I don't get why there has to be a 'positive' or 'negative' angle on the story. You're trying to compare two different cultures in terms of which is 'better', which is a completely pointless goal. Nobody is saying native Ethiopians developed abstract mathematics as complicated as those of Greek, Arab, Chinese, etc. cultures.
>This algorithm allows people to multiply two numbers if all they can do is multiply and divide by 2, and add.
Yes, and the algorithm of making N groups of M and then counting allows people to multiply if all they can do is count. And they will do it far faster than the shaman every time.
>And yet is it so efficient it is how computers multiply.
> Yes, and the algorithm of making N groups of M and then counting allows people to multiply if all they can do is count. And they will do it far faster than the shaman every time.
I don't know. I notice that I am confused, so I know that between my existing beliefs and the details of this story, something important is fictional.
My strongest guess is that it's the stones. In any base > 1 the algorithm is efficient. In unary (counting stones), it inefficient to the point of being nonsensical.

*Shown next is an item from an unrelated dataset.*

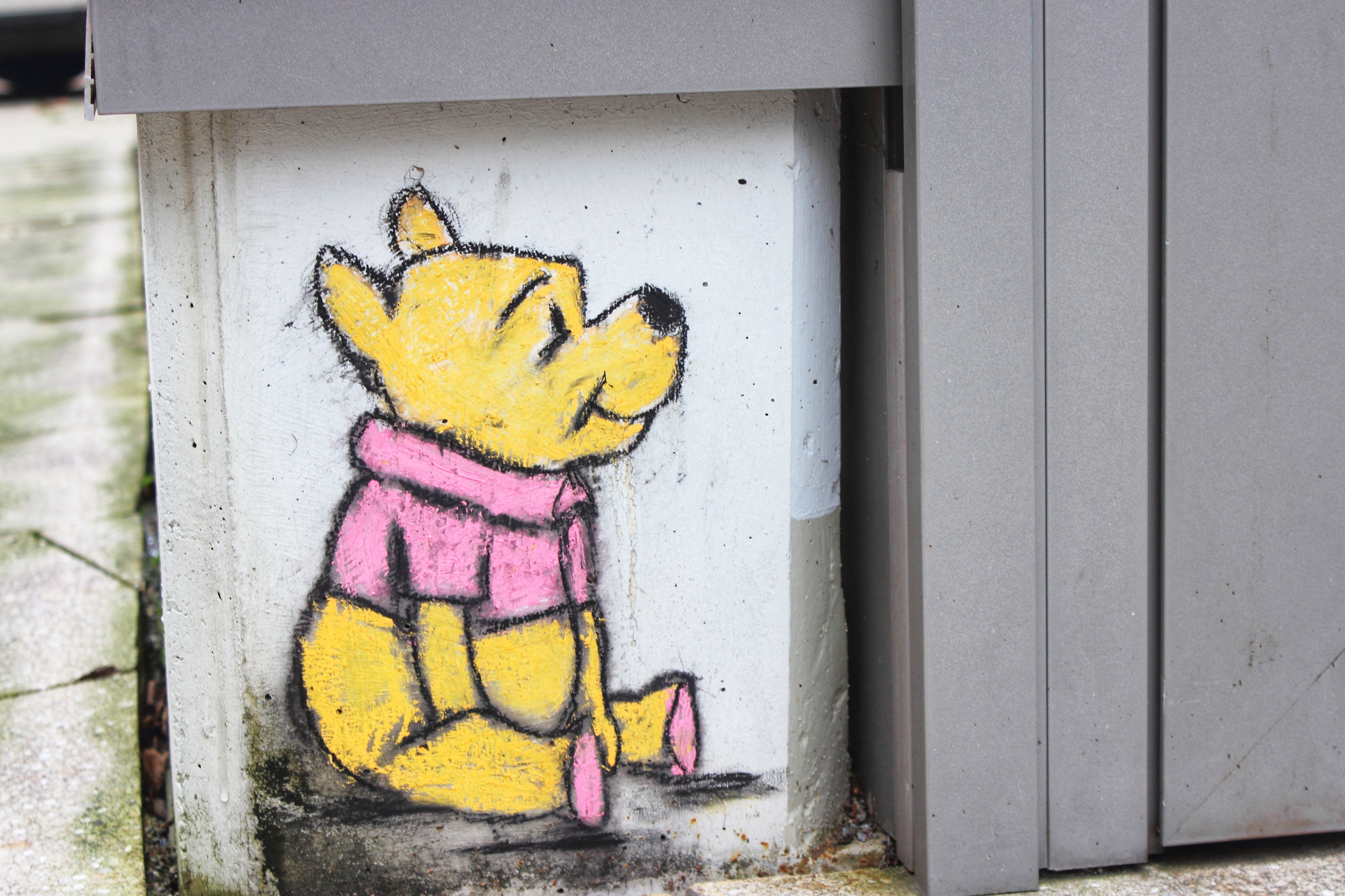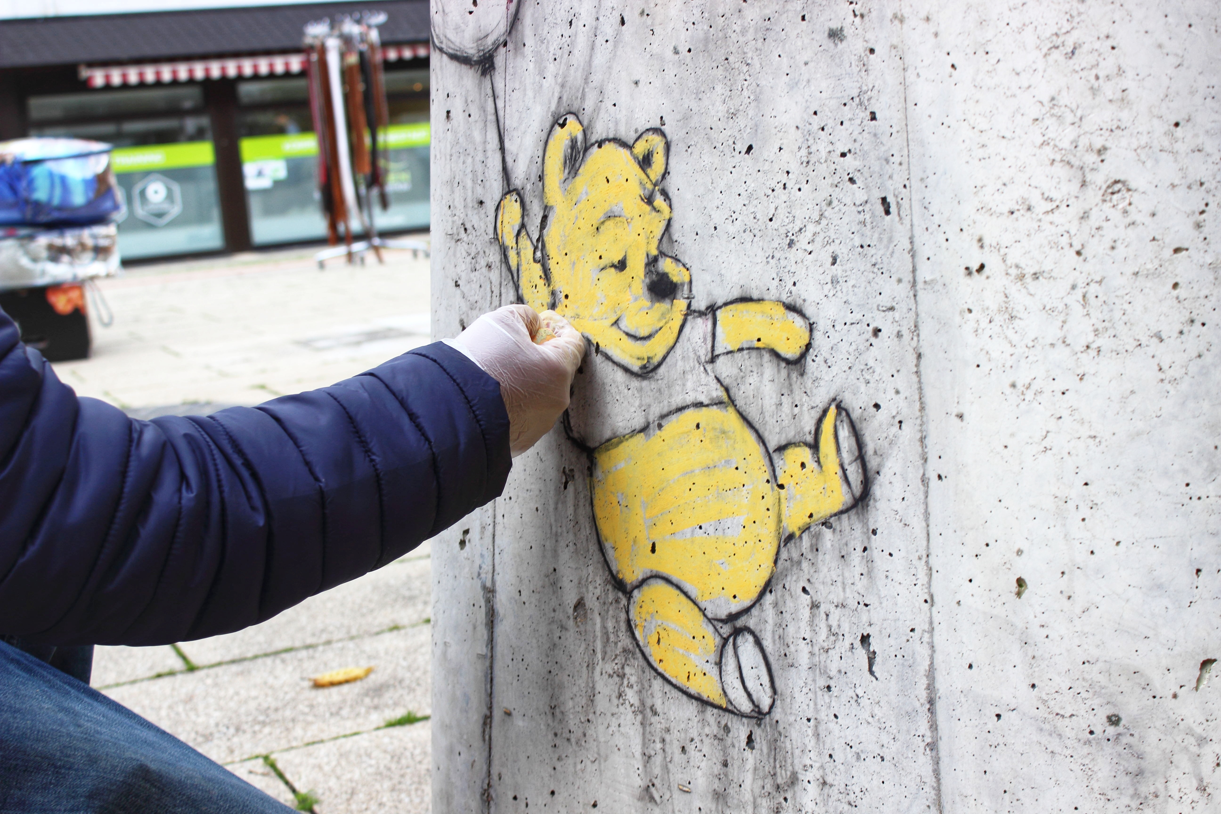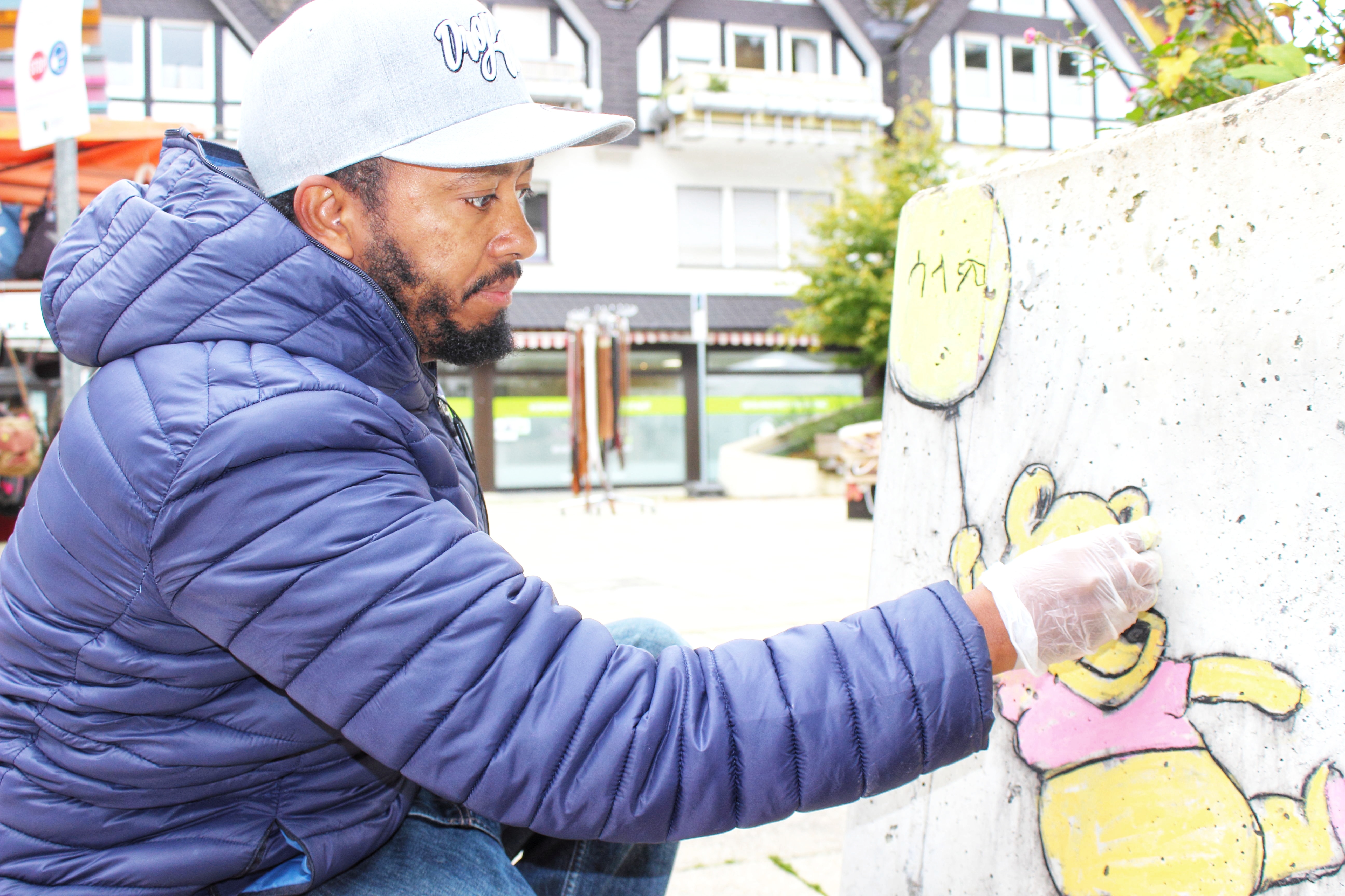 Eigentlich hätten die zauberhaften Kreidebilder ja schon völlig ausgereicht, um einen Blogpost zu schreiben… Tatsächlich sind sie aber nur die Spitze des Eisbergs; entstanden in der trüben Corona-Zeit sollen sie etwas Freude und auch Frieden, wie es in äthiopischen Buchstaben auf Winnie Puuhs Ballon steht, verbreiten. Sami Gebremariam kann aber noch viel mehr: Schon in seiner Heimat Äthiopien hatte er sein eigenes Atelier; aufgrund der politischen Lage musste er fliehen, sein Talent aber hat er mitgenommen.

So my guess is that this was not used by counting stones, but with some form of positional number system, and that in the retelling, stones have been added as a way to make it sound more "tribal".
Edit: Alternatively, it may be the idea that they're doing this exactly. If the doubling side is done by rough estimation (eyeballing the size of the piles), it might be faster.
You are comparing a later development of mathematics to an ancient one and then calling the ancient one stupid.It is basically like studying string theory now and then calling Galileo's speculations idiotic because he used his pulse to measure time instead of a quantum-logic clock.
No, he is comparing an ancient system (ethiopian multiplication) with an even more ancient one (just fucking counting) and calling it stupid. As far as I can tell, he's got a point.
That's a fine argument with 7 times 34, because you only need 7 holes of 34 stones.
But it breaks down when multiplying much larger numbers, because the number of holes you need increases by N. With this addition system, you only need log(N) holes.
The system exists to remove cumbersome aspects of multiplying large numbers by counting. Consider 34x34. While one fellow is out digging 34 holes, making sure not to make a mistake, or finding a piece of wood that has 34 holes marked in it, the other guy never needs more than 10 holes if his numbers are less than 1024. This keeps his working area small, and he can see all of it at the same time. It's less cumbersome this way.
As described, the Ethiopian Method would take far more stones and far more time. The larger the numbers you are working with, the larger the discrepancy.
I agree that this isn't a remarkably efficient algorithm, but it is novel (it's completely unintuitive to the average reader), and it has a sound basis in mathematics. For the people who employed it, it was an efficient algorithm, or else they wouldn't have continued to use it. Nobody is proposing you're not as smart because you don't do math this way (although frankly, I doubt if you would have derived this by yourself, under the same conditions).
On a side note, I strongly recommend 'Guns, Germs and Steel'. I've been knocked for mentioning it before because it's a pop-sci book, but it explains why cultures 'progressed' at different rates because of largely environmental factors. This might help you overcome your ridiculously defensive bias against African cultures.